**Exercise prompt:**
I would like the lines below, from the one with "4月8日上午,尽管申城还下着" through the one with "73270861 alte Postkarte", copied exactly and without any pictures.

**Excerpted data:**
********************

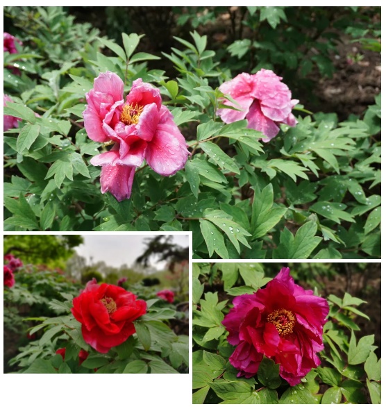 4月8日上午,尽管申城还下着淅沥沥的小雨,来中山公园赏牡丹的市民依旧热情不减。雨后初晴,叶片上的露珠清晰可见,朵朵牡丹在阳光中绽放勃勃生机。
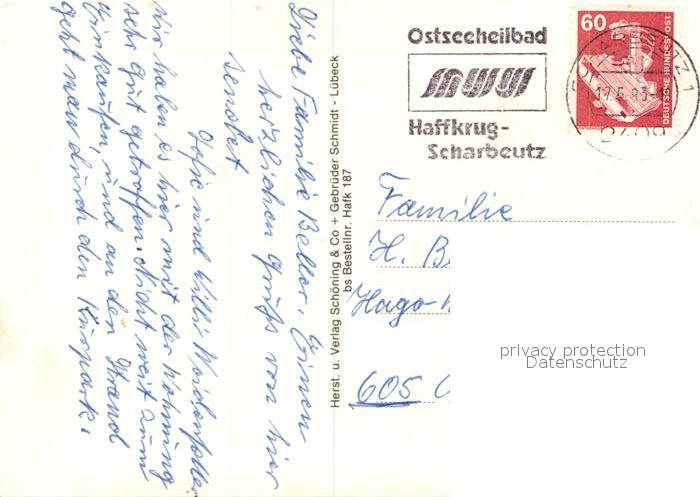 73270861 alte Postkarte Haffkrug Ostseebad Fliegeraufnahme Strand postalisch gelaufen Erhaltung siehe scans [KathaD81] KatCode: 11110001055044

********************

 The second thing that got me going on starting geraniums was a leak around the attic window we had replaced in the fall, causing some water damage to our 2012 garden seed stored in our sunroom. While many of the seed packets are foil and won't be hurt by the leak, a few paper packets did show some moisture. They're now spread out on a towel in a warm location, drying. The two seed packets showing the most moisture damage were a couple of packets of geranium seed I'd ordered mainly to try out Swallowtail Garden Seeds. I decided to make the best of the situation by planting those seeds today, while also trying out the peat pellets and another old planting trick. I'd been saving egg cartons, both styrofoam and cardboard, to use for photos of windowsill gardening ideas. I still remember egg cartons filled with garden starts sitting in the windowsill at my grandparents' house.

********************

**Your response:**
 4月8日上午,尽管申城还下着淅沥沥的小雨,来中山公园赏牡丹的市民依旧热情不减。雨后初晴,叶片上的露珠清晰可见,朵朵牡丹在阳光中绽放勃勃生机。
 73270861 alte Postkarte Haffkrug Ostseebad Fliegeraufnahme Strand postalisch gelaufen Erhaltung siehe scans [KathaD81] KatCode: 11110001055044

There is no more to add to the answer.